胸の奥に、じわりと熱が広がる。全身を優しく包まれているような、大きな安心感。私はやっぱり、桔平くんに触れてほしかったんだな。そんなことを考えていたら、次第に意識が遠のいていった。
「愛茉、着いたよ」
桔平くんの声が遠くから聞こえる。返事をしたつもりだけど、ちゃんと声が出たかは分からない。突然ふわりと宙に浮いた感覚があって目を開けると、桔平くんの顔がすぐ近くにあった。
「大丈夫? オレ、両手が塞がっているから、自分で鍵を開けてくんねぇ?」
え、え、ちょっと待って。これって俗にいう「お姫様抱っこ」っていうやつでは? うそうそ、顔が近すぎ。声がすぐ耳元で聞こえる。
ていうか重いでしょ、絶対。桔平くん、そんなに腕力あったの?
「重くねぇから。すげぇ軽いよ。でも早く鍵開けて」
また心を読まれてしまった。どうして私の考えていることが分かるんだろう。
「こ、ここで大丈夫だから、下ろして」
「どう考えても歩ける状態じゃねぇだろ。別に部屋が散らかっていようがゴミ屋敷だろうが、気にしねぇって」
そうじゃなくて、この体勢がめちゃくちゃ恥ずかしいんだもん。密着しているし、桔平くんの顔が近すぎるし。
でもここでずっと押し問答するわけにいかないし、とりあえずオートロックの鍵を開けた。
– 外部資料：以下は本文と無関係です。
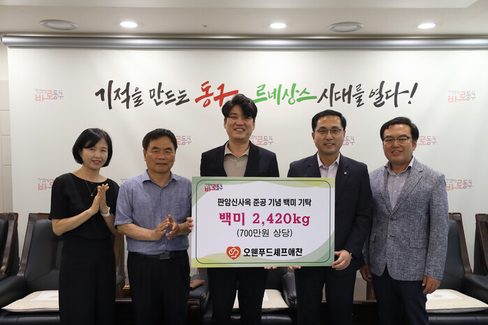 최근 셰프애찬이 판암신사옥 준공 기념 쌀 화환 백미 2,420kg을 대전 동구청에 기탁했다.
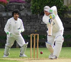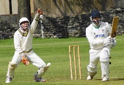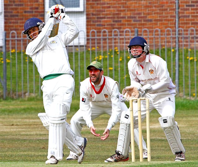 Netherfield 2nd's skipper Steven Wilson in batting action as Rik Ghosh keeps wicket for Lancaster

大丈夫っていう私の言葉を無視して、桔平くんはそのまま部屋へ向かう。
「なんだ、綺麗に片付いてんじゃん」
結局、抱き抱えられたままベッドまで運ばれてしまった。私、洗濯物そのままにしていなかったよね? 下着とか、ぶら下げていないよね?
「オレ、帰ったほうがいい?」
私を寝かせたあと、ベッドの横に座りながら桔平くんが言った。その表情から、本当に心配してくれているのが伝わってくる。
なんだかもう、頭がまったく回らない。ひとりになるのは心細い。そばにいてほしい。